* [Task goal]
Pictures stay out of the copy, and everything else in the data below is repeated exactly.

* [Given material]
────────────────

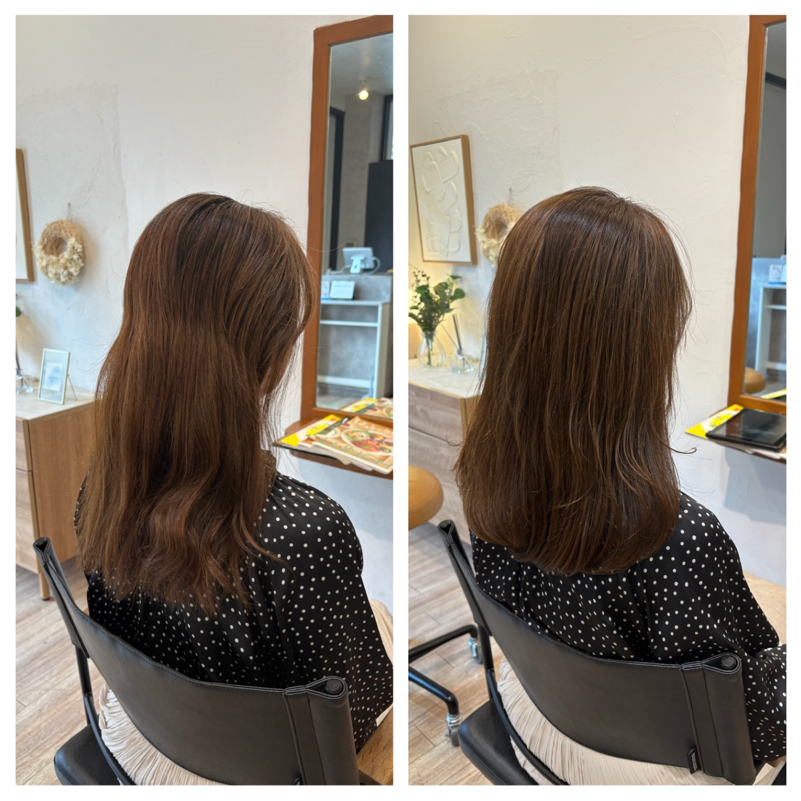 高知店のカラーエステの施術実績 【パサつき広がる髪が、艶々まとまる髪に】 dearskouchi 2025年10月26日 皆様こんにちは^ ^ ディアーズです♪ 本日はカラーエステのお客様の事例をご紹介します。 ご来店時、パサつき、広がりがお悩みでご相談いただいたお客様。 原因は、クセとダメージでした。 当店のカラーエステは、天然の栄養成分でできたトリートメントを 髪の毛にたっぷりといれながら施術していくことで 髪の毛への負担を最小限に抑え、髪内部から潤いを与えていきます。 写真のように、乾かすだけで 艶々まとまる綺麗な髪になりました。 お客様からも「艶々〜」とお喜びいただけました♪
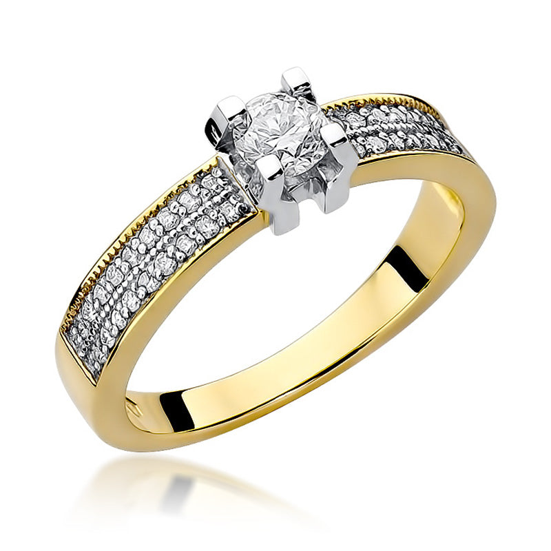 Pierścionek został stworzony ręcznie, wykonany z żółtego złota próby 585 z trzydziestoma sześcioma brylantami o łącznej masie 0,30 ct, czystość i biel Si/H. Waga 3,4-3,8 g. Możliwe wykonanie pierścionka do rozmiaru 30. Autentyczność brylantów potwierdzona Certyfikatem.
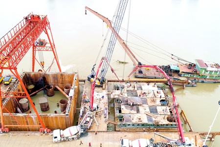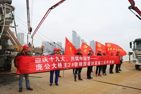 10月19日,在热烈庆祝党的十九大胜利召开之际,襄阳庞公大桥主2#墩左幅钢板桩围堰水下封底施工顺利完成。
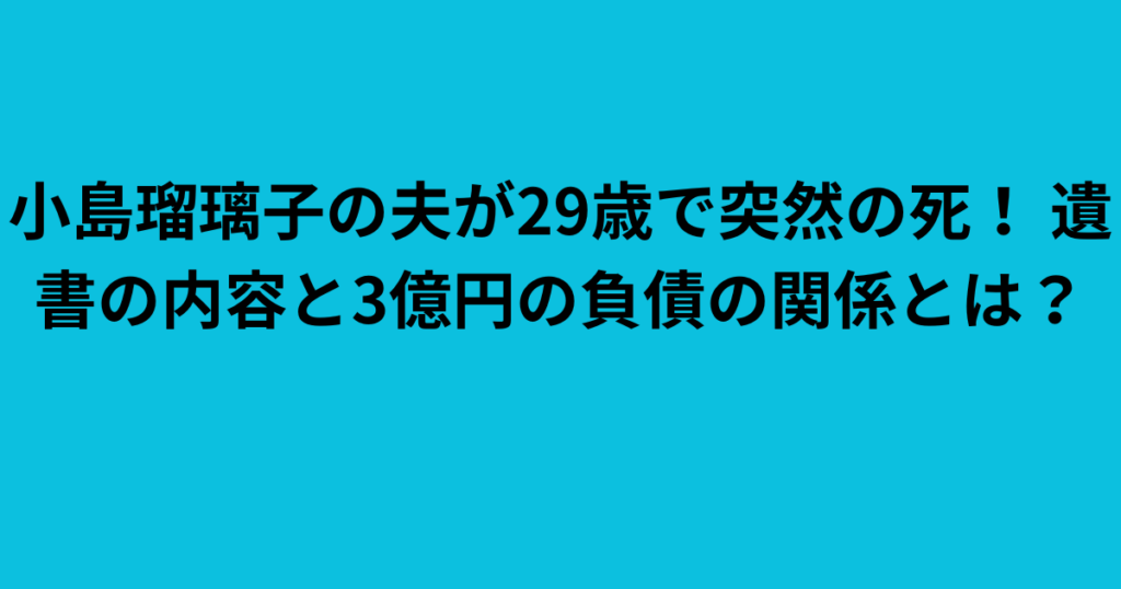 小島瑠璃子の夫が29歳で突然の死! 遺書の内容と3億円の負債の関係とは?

────────────────

* [Exercise response]
 高知店のカラーエステの施術実績 【パサつき広がる髪が、艶々まとまる髪に】 dearskouchi 2025年10月26日 皆様こんにちは^ ^ ディアーズです♪ 本日はカラーエステのお客様の事例をご紹介します。 ご来店時、パサつき、広がりがお悩みでご相談いただいたお客様。 原因は、クセとダメージでした。 当店のカラーエステは、天然の栄養成分でできたトリートメントを 髪の毛にたっぷりといれながら施術していくことで 髪の毛への負担を最小限に抑え、髪内部から潤いを与えていきます。 写真のように、乾かすだけで 艶々まとまる綺麗な髪になりました。 お客様からも「艶々〜」とお喜びいただけました♪
 Pierścionek został stworzony ręcznie, wykonany z żółtego złota próby 585 z trzydziestoma sześcioma brylantami o łącznej masie 0,30 ct, czystość i biel Si/H. Waga 3,4-3,8 g. Możliwe wykonanie pierścionka do rozmiaru 30. Autentyczność brylantów potwierdzona Certyfikatem.
 10月19日,在热烈庆祝党的十九大胜利召开之际,襄阳庞公大桥主2#墩左幅钢板桩围堰水下封底施工顺利完成。
 小島瑠璃子の夫が29歳で突然の死! 遺書の内容と3億円の負債の関係とは?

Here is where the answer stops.